- [DATA SHOWN]:

———

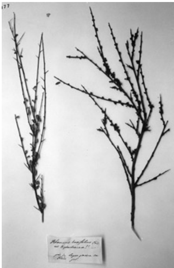
Figure 1.—Actual state of the plants.
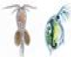
Water fleas (hydra and daphnia)
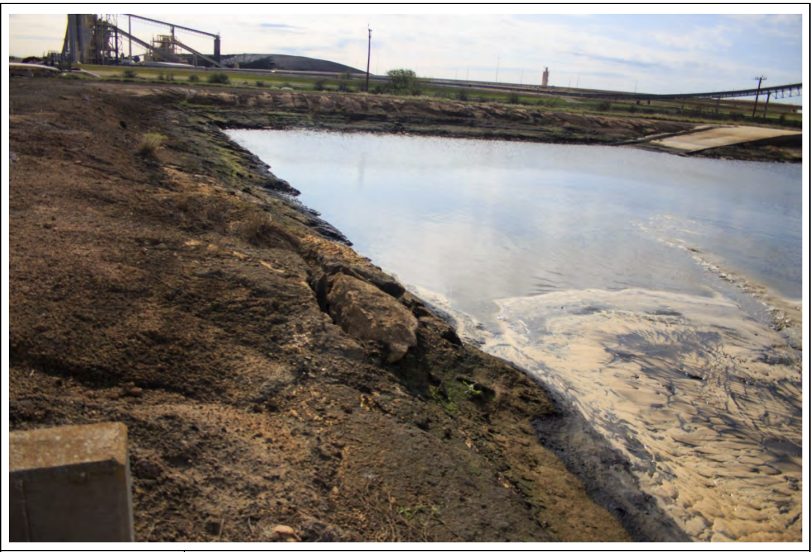
Photograph: 24 South SRH Pond – standing on eastern berm – facing south. Erosional features on eastern berm. Photo taken 12/16/15.

———

- [ASSIGNED TASK]: From the first line to the last, retype the data above exactly, but not its images.

- [WORKED SOLUTION]:
Figure 1.—Actual state of the plants.
Water fleas (hydra and daphnia)
Photograph: 24 South SRH Pond – standing on eastern berm – facing south. Erosional features on eastern berm. Photo taken 12/16/15.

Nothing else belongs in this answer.